Steam injector (SI) are attracting attention as countermeasures against severe-accident in nuclear reactors. It is a static jet pump which operates using driving force to draw steam and water by internal pressure being reduced by direct contact condensation of these two fluids. In addition, capability of SI as a heat exchanger with high heat-transfer is expected. The absence of a drive unit such as an external power supply and rotating machine is significant characteristic of SI, and it can be expected to suppress the cost of installation and maintenance. It is also possible to produce a discharge pressure higher than the inlet pressure. From these facts, SI is expected to be applied as a static safety system that can cool the reactor core even if power lose at the nuclear power plant.

Although SI has been used for steam engines since long ago, the mechanism of its operation has not yet been clarified. Thus, elucidation of the mechanism of operation of SI is indispensable for introduction to a nuclear power plant. A one-dimensional analytical model which predicts the operating characteristics assuming full condensation and evaluated discharge pressure is constructed (Narabayashi et al., 1996). In addition, from detailed observation, it was confirmed by that there is a boundary of luminance in the diffuser section (Abe et al., 2012). This is considered as the boundary where the two-phase flow condenses. However, this phenomenon is not considered in the current analysis model.

The aim of this research is to clarify the flow structure in the diffuser section of SI. For that purpose, the state of the diffuser section of the transparent SI test part was observed with a highspeed camera, and the pressure at each point in it was measured simultaneously.
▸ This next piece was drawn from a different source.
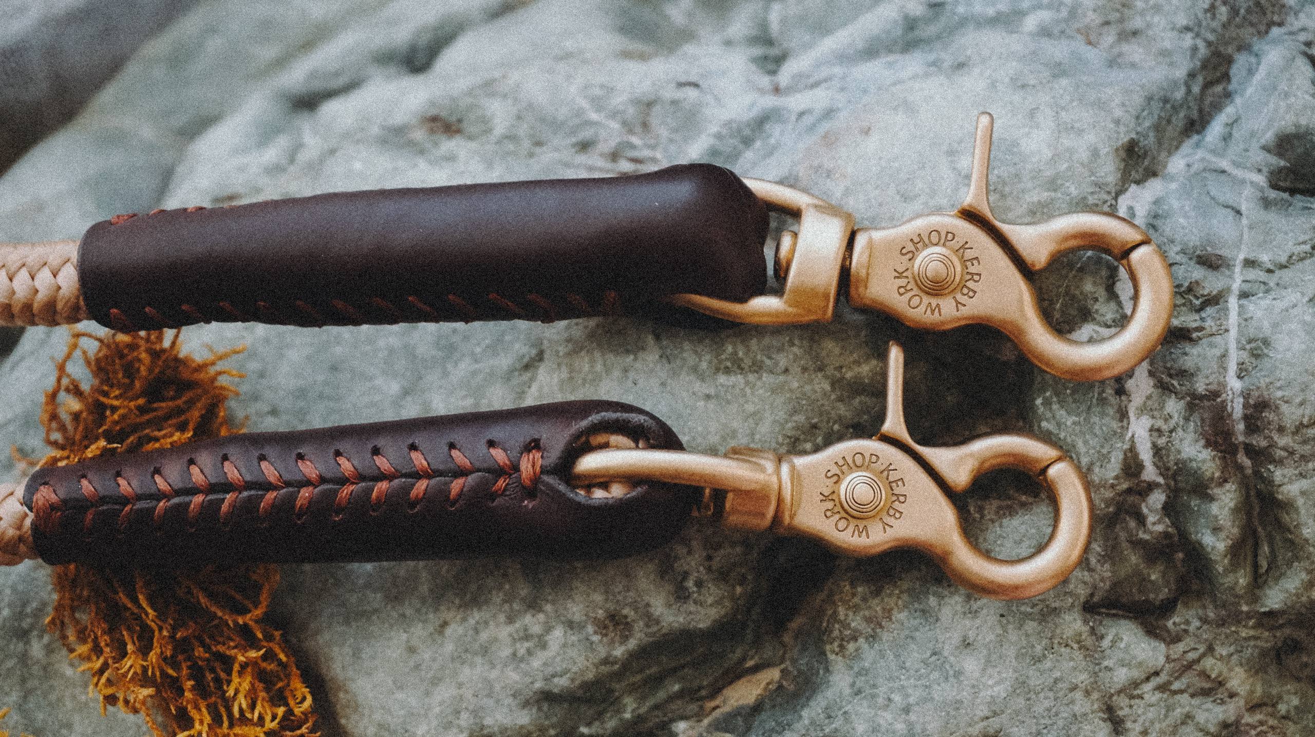 Поэтому сейчас, когда у нас есть возможность снова делать те самые поводки — с латунными карабинами, надёжным кордом и уже в кожаной отделке — мы это делаем.

The boundary of the luminance is confirmed to approach the throat as closing the back-pressure valve. In addition to this boundary, it was confirmed that the bright region intermittently propagated downstream. This phenomenon is supposed to be caused by pressure increasing, and the propagations assumed as a pressure wave moving at the sound speed. Thus, void fraction is estimated by calculating this propagation speed with image processing. Furthermore, experiments were carried out using three types of large, medium and small test parts, respectively. From the above results, the internal flow structure in the SI diffuser section was discussed.